= Lora Aborn =

American composer (1907–2005)

Lora Aborn Busck (May 30, 1907 – August 25, 2005) was an American composer.

==Biography==
Lora Aborn was born in New York City and began studying piano, music theory and composition at the Effa Ellis Perfield School of Music. She continued studying piano and voice in California and played in a jazz band. She attended Oberlin Conservatory where she studied composition under Dr. George W. Andrews.

Aborn continued her studies at the American Conservatory in Chicago under John Palmer and was awarded a gold medal for composition at graduation. She composed a number of commissioned works, and her music has been played and recorded in the United States, China and Europe.

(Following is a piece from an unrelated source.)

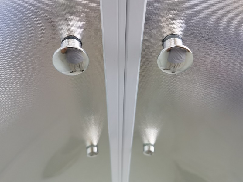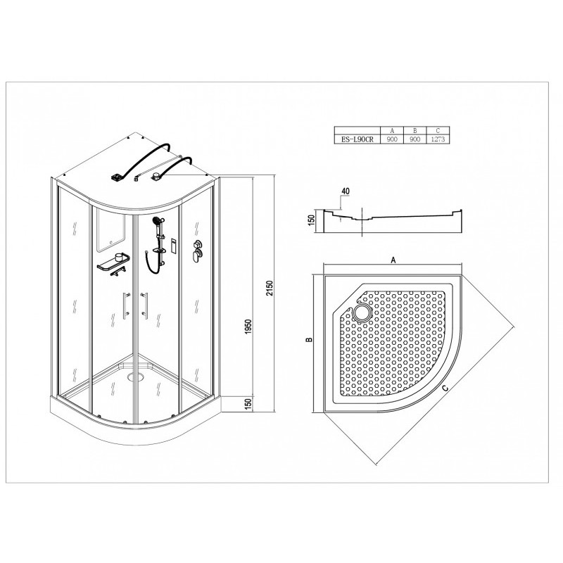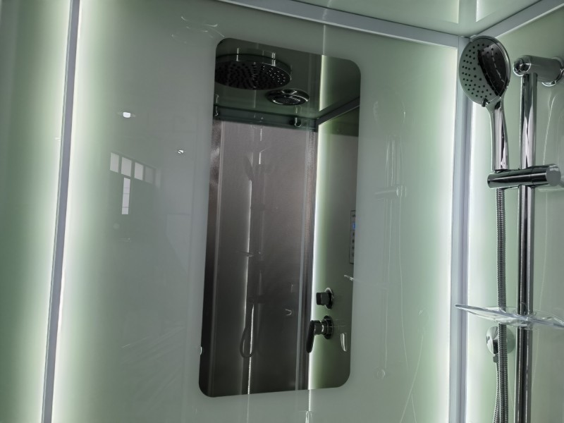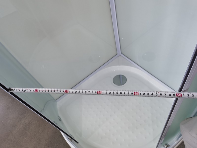 Низкий поддон. Сифон с гидрозатвором. Стекло: 5 мм, переднее - "матовое". заднее - "белое крашеное" с интегрированным зеркалом 65х30. Встроенная LED подсветка. Профиль: алюминий. Цвет: БЕЛЫЙ. На кабинах установлены: панель управления, вытяжной вентилятор, верхний душ с резиновыми соплами, FM радио. Комплектующие: стеклянная крыша, полочка со стаканчиком, смеситель, 3-х режимная лейка на стойке, мыльница, двойные ролики. Модель: "СR" - угловая

She was honored in a list of top American women composers.

For many years, Aborn was the organist, director of music and composer-in-residence at the Unitarian Universalist Church, Frank Lloyd Wright’s Unity Temple. She married Harry Busck, an antiquarian book seller who died in 1999, and had two daughters. Aborn died August 25, 2005, in Chicago.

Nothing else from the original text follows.